It's been a desperately sad week for disco. Within four days of each other, two of its major protagonists, Donna Summer and the Bee Gees' Robin Gibb, died. The global outpouring of grief has been intriguing, reminiscent of a glorious period in the history of pop music. Disco, by its very nature, was celebratory, vibrant, colourful and escapist. Summer and the Bee Gees may not have invented the groove-led musical form, but without a doubt, they made it popular. In doing so, they changed music forever, and for the better.
The general consensus is that disco "began" in the clubs of late 1960s and early 1970s New York, such as David Mancuso's famous Loft and Nicky Siano's Gallery. These places didn't necessarily play the music we would come to recognise as disco - the DJs spun a melange of soul, funk and Latin – but in a city riven by social unrest, they became a safe haven where love and togetherness were prized as much as the unifying four-four rhythm which propelled the nights to a state of euphoria.
At that point the Bee Gees were dressed in smart suits, crooning slushy ballads. Donna Summer, meanwhile, was singing musicals in Germany. But this Manhattan-based sound, with its soaring strings, funk bass lines, horns and, most importantly, uplifting vibe, was infectious.
It was a move to Florida and an encounter with Ahmet Ertegun – who was the head of Atlantic, the record label they would later sign to – that first turned the Bee Gees on to disco's possibilities. But it was what they did with Jive Talkin'- their first disco hit – that really changed the landscape of pop. In marrying the feel-good groove coming out of the clubs with the songwriting nous they'd honed over 12 previous albums, they became the classic disco band. Melding cutting-edge sounds with a chart sensibility would be a trick repeated by everyone from New Order right up to the likes of Rihanna and Lady Gaga. Arguably, the Bee Gees paved the way.
Whether it was from a love of the scene or because of their new-found success will always be a moot point, but the Bee Gees immersed themselves in disco. All of a sudden, they became flamboyant followers of fashion, sporting flared trousers, ultra-tight, unbuttoned polyester shirts and platform shoes. Of course, The Beatles had the unified look a decade earlier, but it was the Bee Gees who seemed to trademark the fashions of an entire scene. Dressing up pop stars became cool and has remained so ever since.

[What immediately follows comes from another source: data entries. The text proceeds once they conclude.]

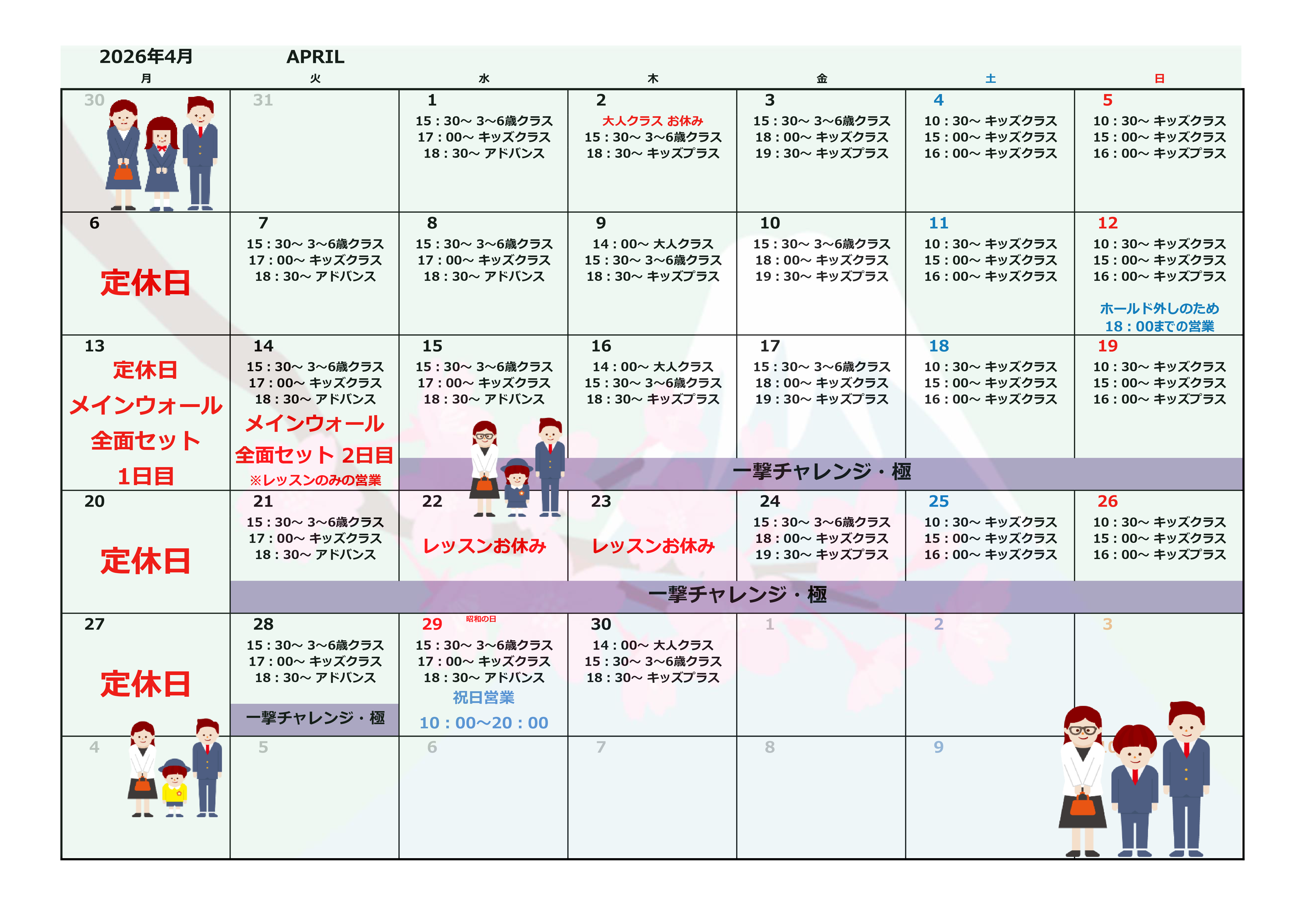 上記のカレンダー『キッズプラス〇〇クラス』からお好きな曜日を選んで入会できます♪
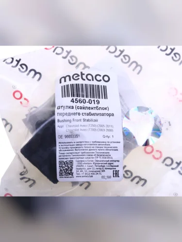 | Наименование | Втулка стабилизатора CHEVROLET Aveo (03-) переднего METACO в Горно-Алтайске республике Алтай |
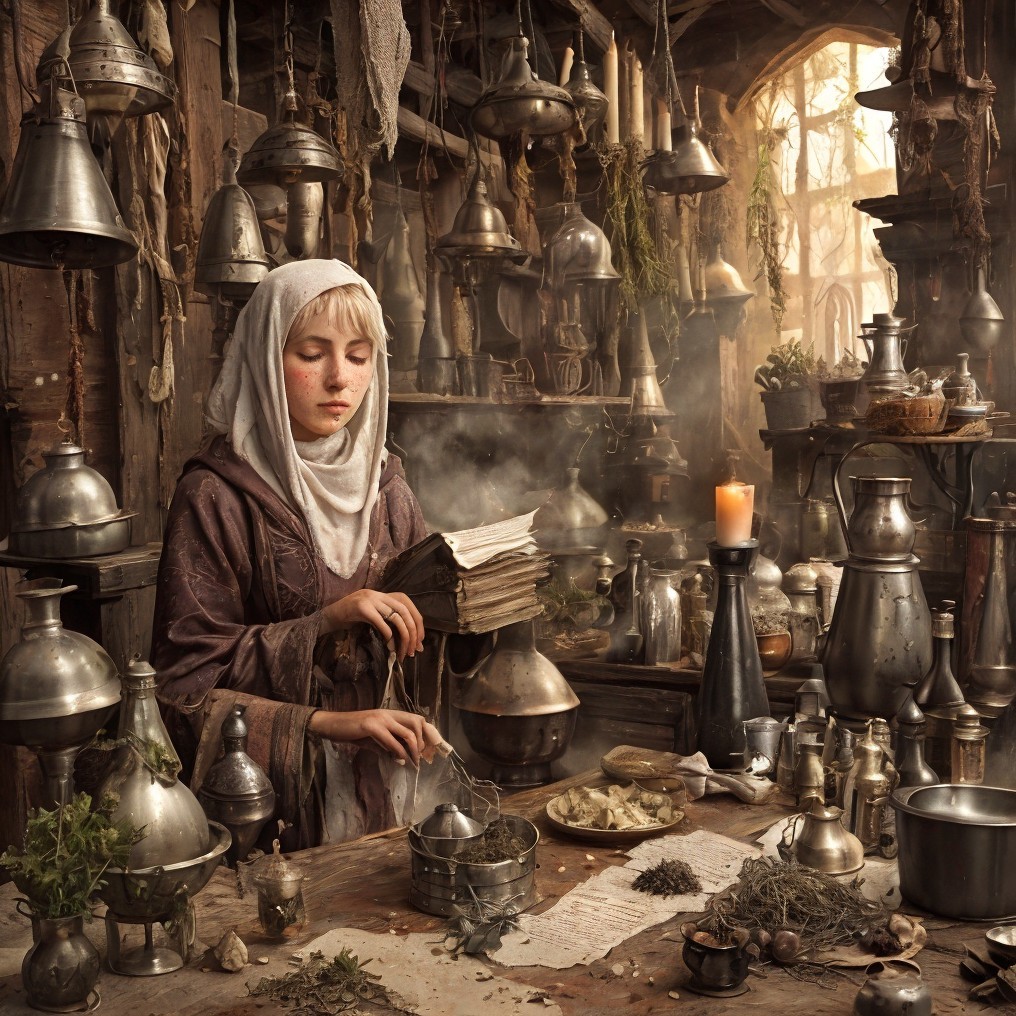 Prompt: Stiff sheafs of parchment branded with iron-gall ink, sweat-soaked and tattered robes, pestle-beaten herbs. Only the brave journey through the disorienting haze, you’ll find something revelatory, almost even sweet: Radagastian, feral, cryptic, scholarly, benevolent, unsettling, musty, mossy, medieval. The air lingers and lingers, like dust

It's no surprise, then, that the Bee Gees were also involved in disco's commercial peak with John Badham's 1977 film Saturday Night Fever. John Travolta gyrated in his white polyester trouser suit to Stayin' Alive, How Deep Is Your Love, Night Fever and More Than a Woman – surely the best four opening tracks in original soundtrack history. It remains the seventh biggest-selling album ever made and is often cited as the first example of cross-media marketing: next time you're heartily sick of the Glee soundtrack before the new series has even started, blame Saturday Night Fever.
Of course, the explosion of mainstream interest that Saturday Night Fever engendered meant disco rose to near total ubiquity and swift, inevitable backlash. Initially, it seemed that time would not treat these high fashions and high voices kindly. But it was Donna Summer's 1977 collaboration with the producer Giorgio Moroder, I Feel Love, that really pointed the way to pop music's future.

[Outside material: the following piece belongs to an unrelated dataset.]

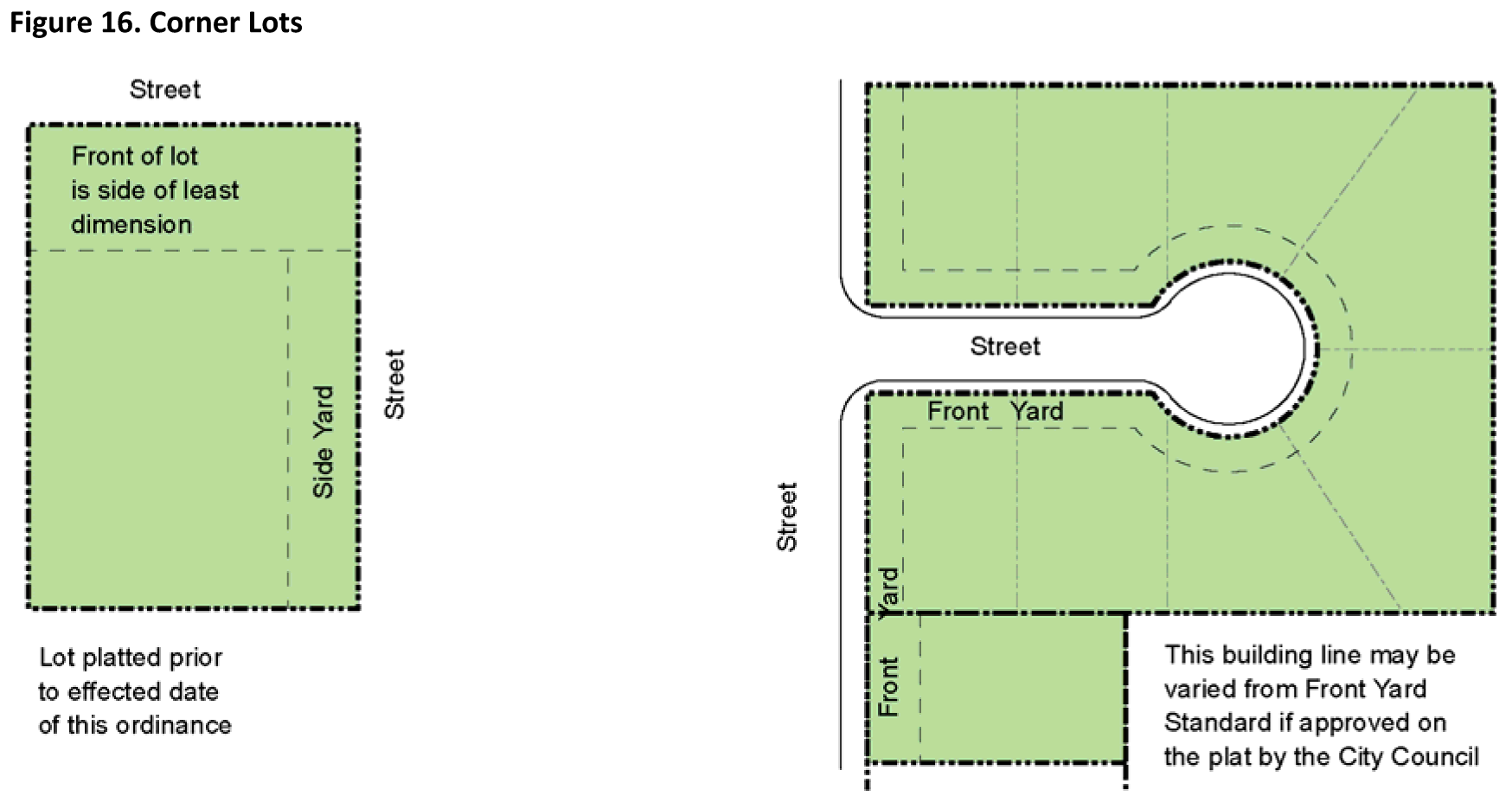 On a corner lot used for one-family or two-family dwellings, both street exposures shall be treated as front yards on all lots platted after the effective date of this Ordinance, provided however that where one (1) street exposure is designated as a side yard by a building line shown on a plat approved by the City containing a side yard of ten (10) feet or more, the building line provisions on the plat shall control. On corner lots, the lot width of least dimension shall be considered the front yard (Figure 16. Corner Lots).

Listen to that track now – the first big hit to be wholly synthesised – and it still sounds thrillingly modern. David Bowie tells the story of Brian Eno rushing to play him I Feel Love, excitedly predicting it would change the course of club music for the next 15 years. Disco may have died in name by the early 1980s, but its constituent parts are still present in house music, in pop, in techno and even hip-hop.
Of course, I Feel Love sounds nothing like Jive Talkin'. But that was the beauty of disco: its basis in the ideals of dance-floor unity and hedonism meant it could be all things to all people. And it's why, decades on, dance music is pop music – which is the Bee Gees and Donna Summer's greatest achievement of all.